====== INPUT DATA ======

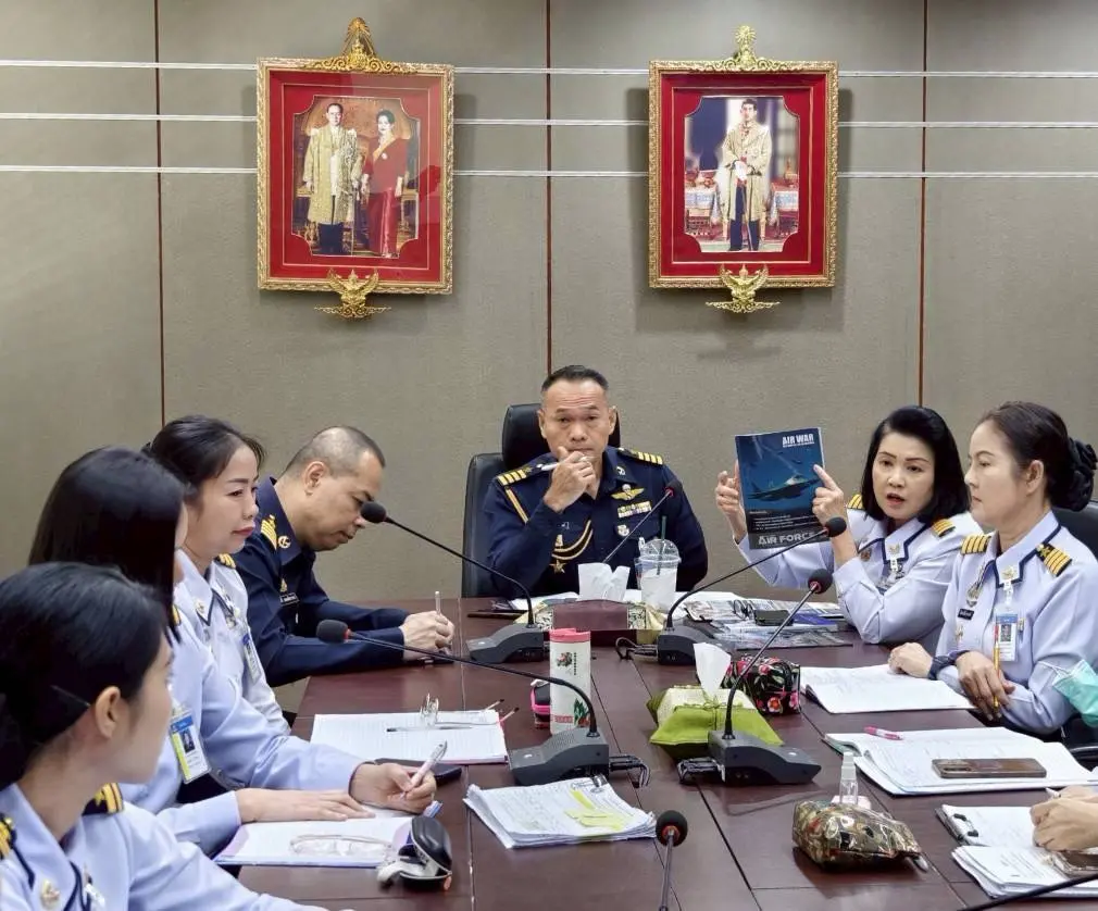 นาวาอากาศเอก ณฐพงศ์ ตาละลักษมณ์ ผู้อำนวยการโรงเรียนนายทหารอากาศอาวุโส กรมยุทธศึกษาทหารอากาศ เป็นประธานในการประชุมเตรียมงานคณะทำงานด้านประชาสัมพันธ์และพิธีการ DET SYMPOSIUM 2026 โดยมีวัตถุประสงค์เพื่อวางแผนการดำเนินงานและรับทราบหน้าที่รับผิดชอบ ซึ่งคณะทำงานประชาสัมพันธ์และพิธีการ มีหน้าที่ วางแผน ดำเนินการประชาสัมพันธ์ บันทึกภาพ และสื่อสารข้อมูลการจัดงานแก่สาธารณชน ผู้สนใจ ให้เข้าร่วมงาน ตลอดจนการบันทึกภาพระหว่างจัดกิจกรรมฯ และนำภาพกิจกรรมไปประชาสัมพันธ์ในช่องทางต่าง ๆ รวมถึง งานพิธีการ และการต้อนรับผู้รวมงาน เมื่อวันจันทร์ที่ ๙ กุมภาพันธ์ ๒๕๖๙ ณ ห้องประชุมนภาภิวุฒิ โรงเรียนนายทหารอากาศอาวุโส กรมยุทธศึกษาทหารอากาศ
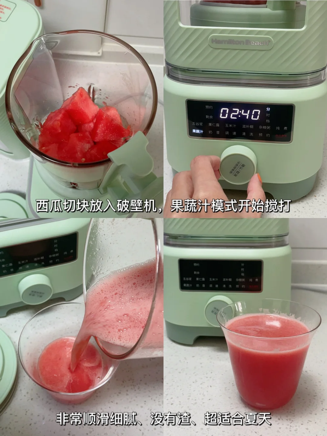 🍀今天的餐就比较清爽了,除了一道水煮牛蛙用来解解馋,其他都相对清淡些。一个西瓜篮子配一碗杨枝甘露就让我很满足了。正好用的是刚到的汉美驰破壁机,牛油果绿的机器也正适合夏天,做出的杨枝甘露非常细腻。让我很惊喜的是它带一个加厚减震隔音仓,操作全程没有尖锐的噪音。用完直接可以一键清洗,还带一个净味烘干盒,清洁后能快速除菌烘干,真是集颜值和便捷于一体呀[赞R]
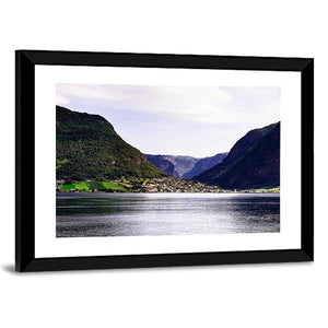 This photographic landscape shows a Norwegian fjord with distant mountains, green hillsides and a village reflected in calm water. The blue, green, grey and white palette creates a serene, depth-filled atmosphere. Suited to modern or Nordic-inspired rooms as a peaceful nature focal point.
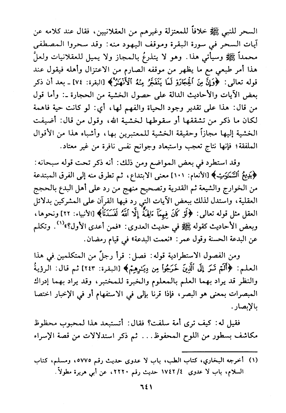 أنه ذكر تحت قوله سبحانه {بديع السموات} (¬2) معنى الابتداع ثم تطرق منه إلى الفرق المبتدعة من الخوارج والشيعة ثم القدرية وتصحيح منهج من رد على أهل البدع بالحجج العقلية واستدل لذلك ببعض الآيات التي رد فيها القرآن على المشركين بدلائل العقل مثل قوله تعالى {لو كان فيهما آلهة إلا الله لفسدتا} (¬3) ونحوها، وبعض الأحاديث كقوله - صلى الله عليه وسلم - في حديث العدوى: "فمن أعدى الأول؟ " (¬4). وتكلم عن البدعة الحسنة وقول عمر: "نعمت البدعة". في قيام رمضان.

======

Quote, please, every line of the material above from its start through the line that has "This photographic landscape", reproducing the words exactly and dropping any images.

 นาวาอากาศเอก ณฐพงศ์ ตาละลักษมณ์ ผู้อำนวยการโรงเรียนนายทหารอากาศอาวุโส กรมยุทธศึกษาทหารอากาศ เป็นประธานในการประชุมเตรียมงานคณะทำงานด้านประชาสัมพันธ์และพิธีการ DET SYMPOSIUM 2026 โดยมีวัตถุประสงค์เพื่อวางแผนการดำเนินงานและรับทราบหน้าที่รับผิดชอบ ซึ่งคณะทำงานประชาสัมพันธ์และพิธีการ มีหน้าที่ วางแผน ดำเนินการประชาสัมพันธ์ บันทึกภาพ และสื่อสารข้อมูลการจัดงานแก่สาธารณชน ผู้สนใจ ให้เข้าร่วมงาน ตลอดจนการบันทึกภาพระหว่างจัดกิจกรรมฯ และนำภาพกิจกรรมไปประชาสัมพันธ์ในช่องทางต่าง ๆ รวมถึง งานพิธีการ และการต้อนรับผู้รวมงาน เมื่อวันจันทร์ที่ ๙ กุมภาพันธ์ ๒๕๖๙ ณ ห้องประชุมนภาภิวุฒิ โรงเรียนนายทหารอากาศอาวุโส กรมยุทธศึกษาทหารอากาศ
 🍀今天的餐就比较清爽了,除了一道水煮牛蛙用来解解馋,其他都相对清淡些。一个西瓜篮子配一碗杨枝甘露就让我很满足了。正好用的是刚到的汉美驰破壁机,牛油果绿的机器也正适合夏天,做出的杨枝甘露非常细腻。让我很惊喜的是它带一个加厚减震隔音仓,操作全程没有尖锐的噪音。用完直接可以一键清洗,还带一个净味烘干盒,清洁后能快速除菌烘干,真是集颜值和便捷于一体呀[赞R]
 This photographic landscape shows a Norwegian fjord with distant mountains, green hillsides and a village reflected in calm water. The blue, green, grey and white palette creates a serene, depth-filled atmosphere. Suited to modern or Nordic-inspired rooms as a peaceful nature focal point.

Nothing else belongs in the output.